Links to Paper and Supplementary Materials

Main Paper (Open Access Version): https://papers.miccai.org/miccai-2024/paper/0793_paper.pdf

SharedIt Link: https://rdcu.be/dV59a

SpringerLink (DOI): https://doi.org/10.1007/978-3-031-72120-5_58

Supplementary Material: N/A

Link to the Code Repository

N/A

Link to the Dataset(s)

N/A

BibTex

@InProceedings{Li_Semisupervised_MICCAI2024,
        author = { Li, Haoshen and Wang, Yirui and Zhu, Jie and Guo, Dazhou and Yu, Qinji and Yan, Ke and Lu, Le and Ye, Xianghua and Zhang, Li and Wang, Qifeng and Jin, Dakai},
        title = { { Semi-supervised Lymph Node Metastasis Classification with Pathology-guided Label Sharpening and Two-streamed Multi-scale Fusion } },
        booktitle = {proceedings of Medical Image Computing and Computer Assisted Intervention -- MICCAI 2024},
        year = {2024},
        publisher = {Springer Nature Switzerland},
        volume = {LNCS 15011},
        month = {October},
        page = {623 -- 633}
}


Reviews

Review #1

  • Please describe the contribution of the paper

    In this paper, the authors develop a complete semi-supervised classification framework with teacher-student architecture, pseudo label, dual-stream and 2.5D designs to solve the task of metastatic lymph node classification.

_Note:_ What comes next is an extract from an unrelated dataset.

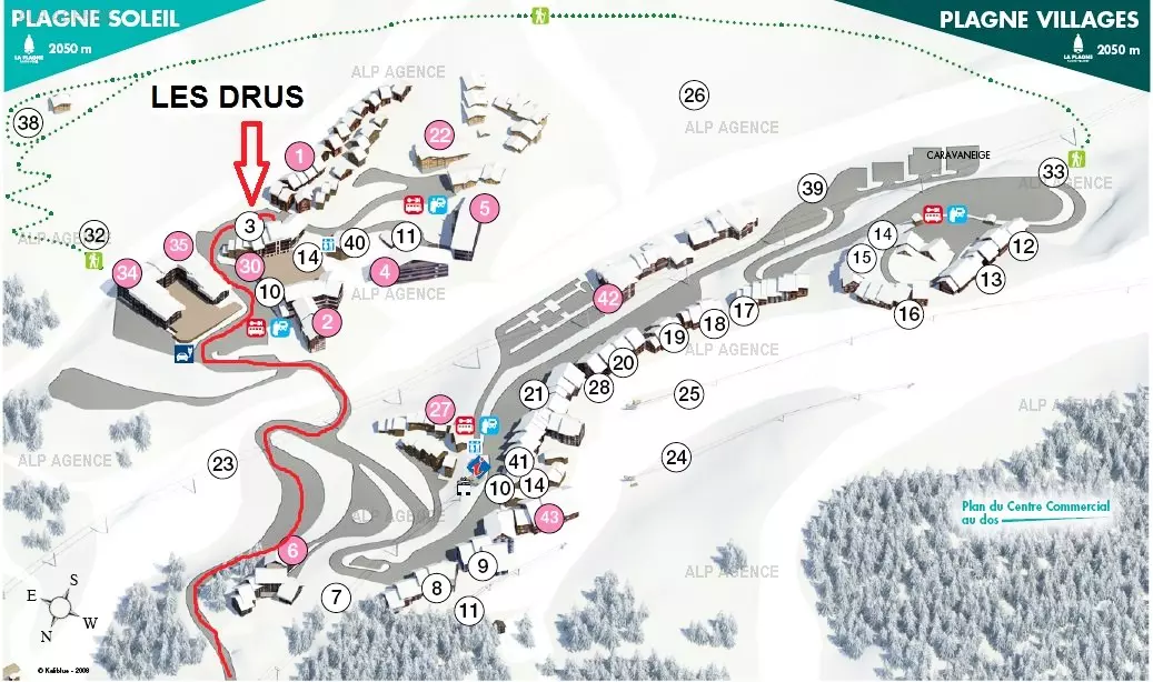 Résidence située au pied des pistes et dans le centre commercial. Plagne Soleil est reliée à Plagne Villages par des navettes en bus gratuites.
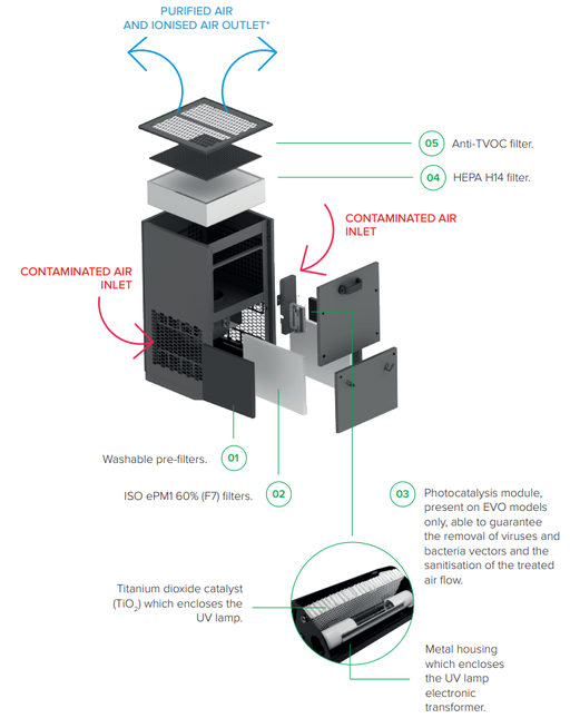 - ľahká výmena filtrov a fotokatalytického modulu (modely EVO), vďaka rýchlo odnímateľným panelom

  • Please list the main strengths of the paper; you should write about a novel formulation, an original way to use data, demonstration of clinical feasibility, a novel application, a particularly strong evaluation, or anything else that is a strong aspect of this work. Please provide details, for instance, if a method is novel, explain what aspect is novel and why this is interesting.

    1)The proposed method is compared with 3D supervised models, 2.5D supervised models and semi-supervised methods, which shows very competitive results.

    2)The authors conducted ablation study to verify the effectiveness of each component in the proposed method.

  • Please list the main weaknesses of the paper. Please provide details, for instance, if you think a method is not novel, explain why and provide a reference to prior work.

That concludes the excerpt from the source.